:: PROBLEM TO SOLVE ::
Only an exact repeat of the listing, without its images, counts as the answer.

:: DATA SHOWN ::
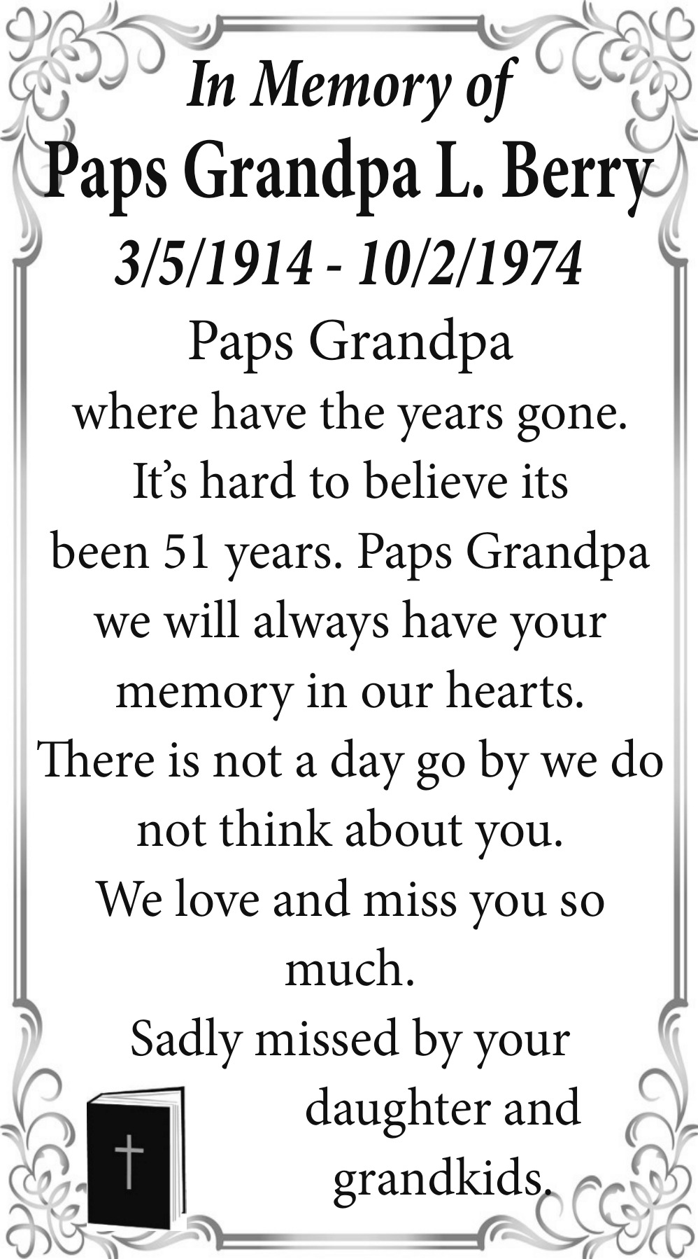 In Memory of Paps Granpa L. Berry
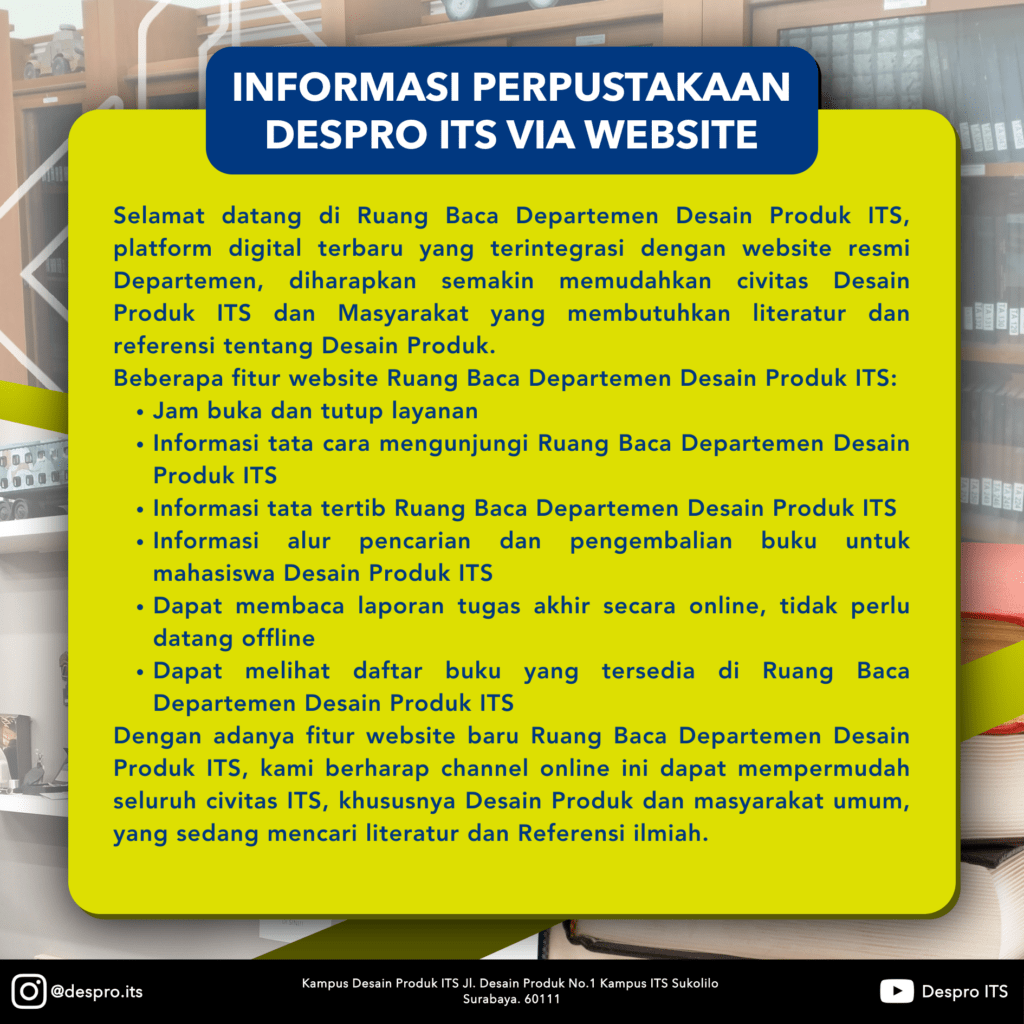 Informasi Perpustakaan Departemen Desain Produk ITS lewat Website
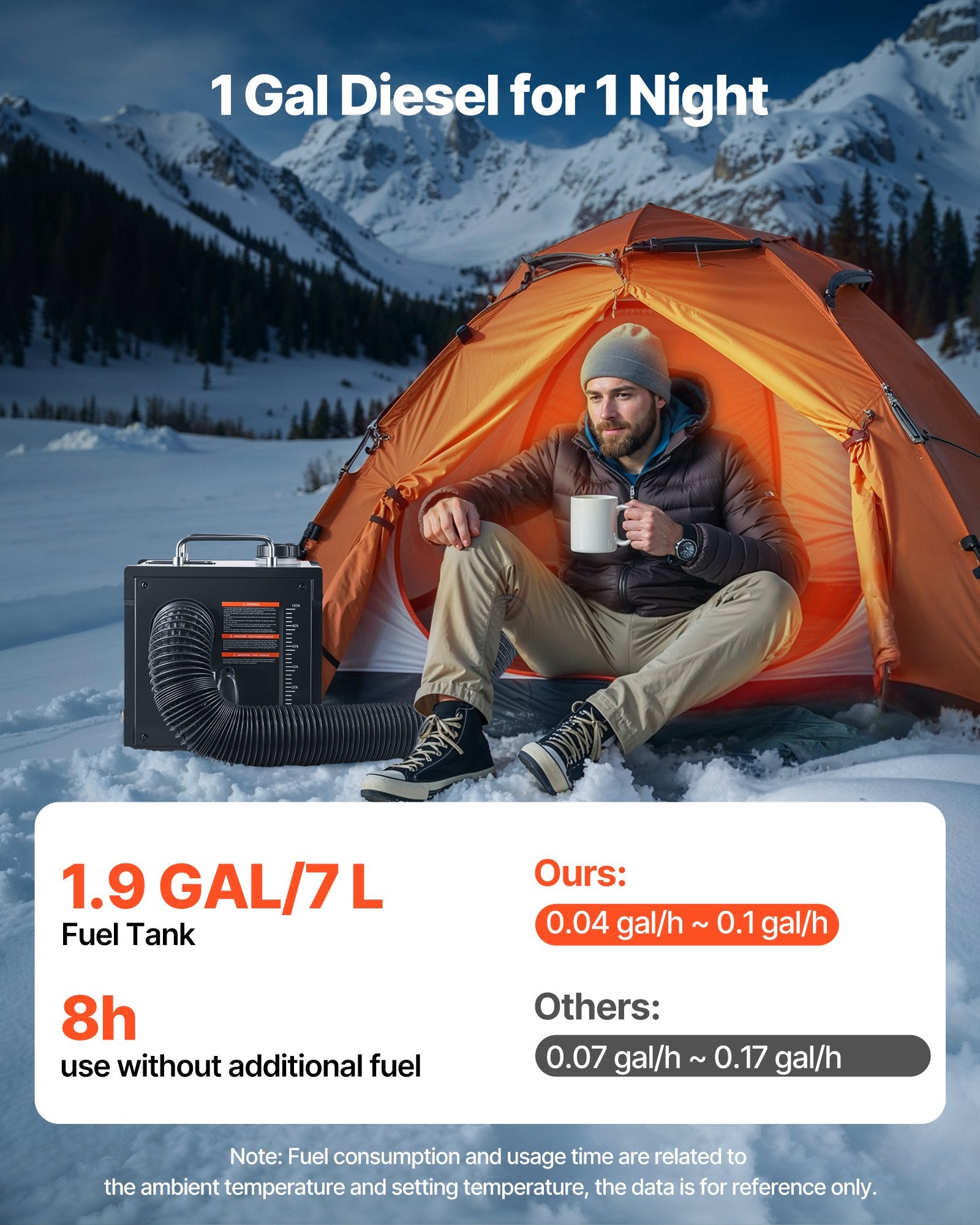 - Kraftstoffsparend: Diese tragbare Dieselheizung verfügt über eine leise, energiesparende Kraftstoffpumpe und verbraucht nur 0,04–0,1 Gallonen pro Stunde bei einem Wirkungsgrad von über 90 %. Der 1,9-Gallonen-Kraftstofftank ermöglicht Heizbetrieb die ganze Nacht ohne Nachfüllen und reduziert so Kraftstoffverbrauch und Energieverschwendung.
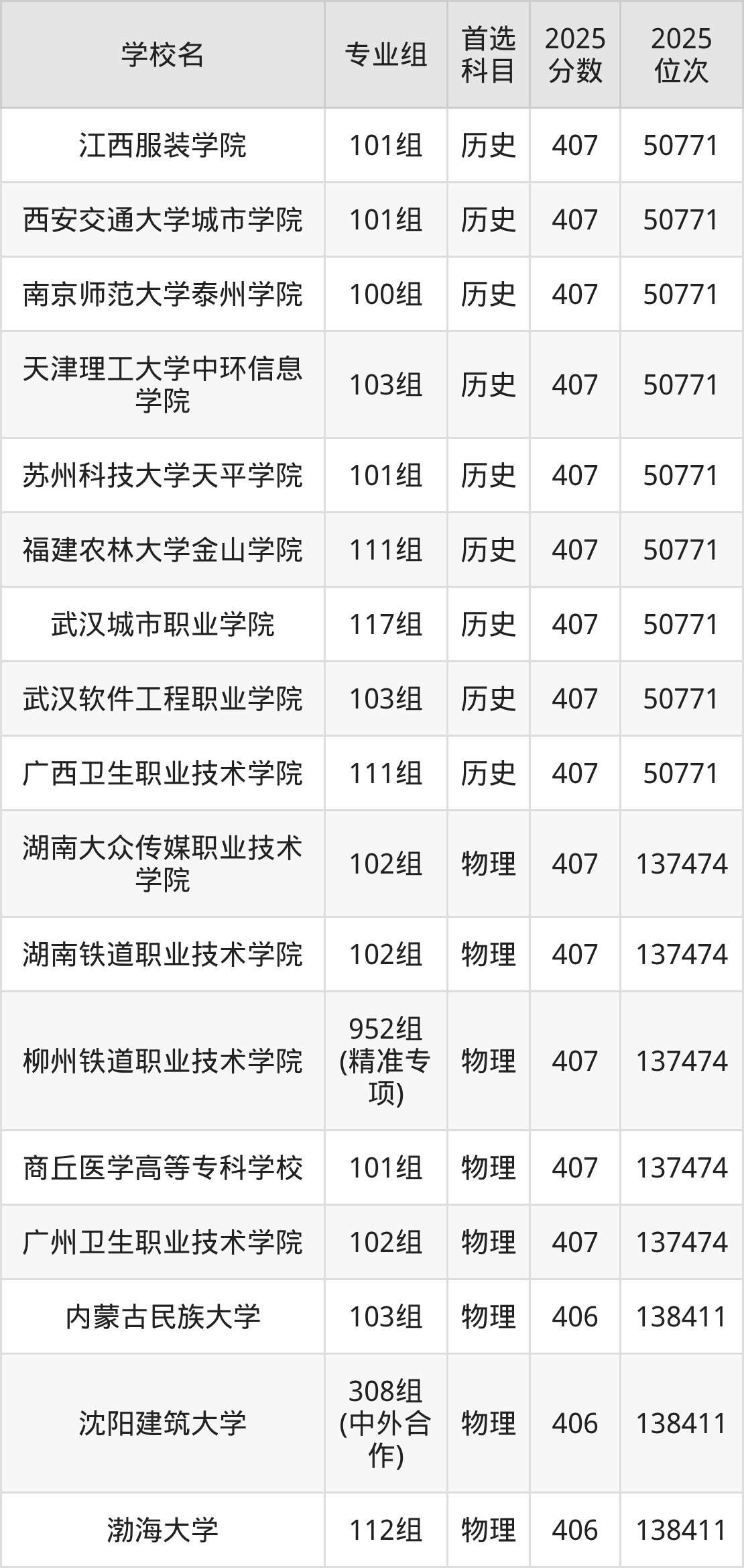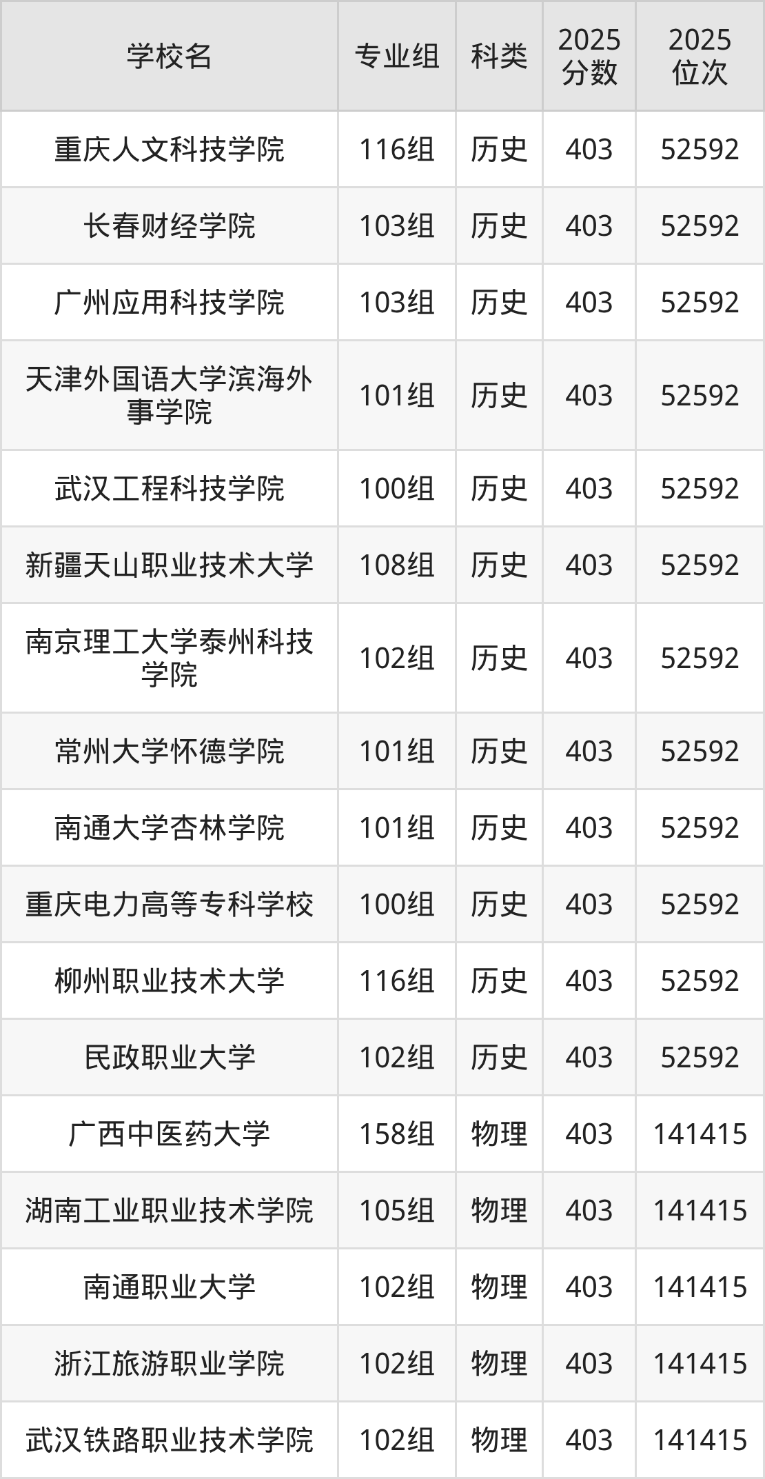 广西高考历史类405分对应的位次排名是51654名,物理类405分对应的位次排名是139396名,因此建议2026年位次排在这附近的同学考虑这些大学。

:: EXERCISE RESULT ::
 In Memory of Paps Granpa L. Berry
 Informasi Perpustakaan Departemen Desain Produk ITS lewat Website
 - Kraftstoffsparend: Diese tragbare Dieselheizung verfügt über eine leise, energiesparende Kraftstoffpumpe und verbraucht nur 0,04–0,1 Gallonen pro Stunde bei einem Wirkungsgrad von über 90 %. Der 1,9-Gallonen-Kraftstofftank ermöglicht Heizbetrieb die ganze Nacht ohne Nachfüllen und reduziert so Kraftstoffverbrauch und Energieverschwendung.
 广西高考历史类405分对应的位次排名是51654名,物理类405分对应的位次排名是139396名,因此建议2026年位次排在这附近的同学考虑这些大学。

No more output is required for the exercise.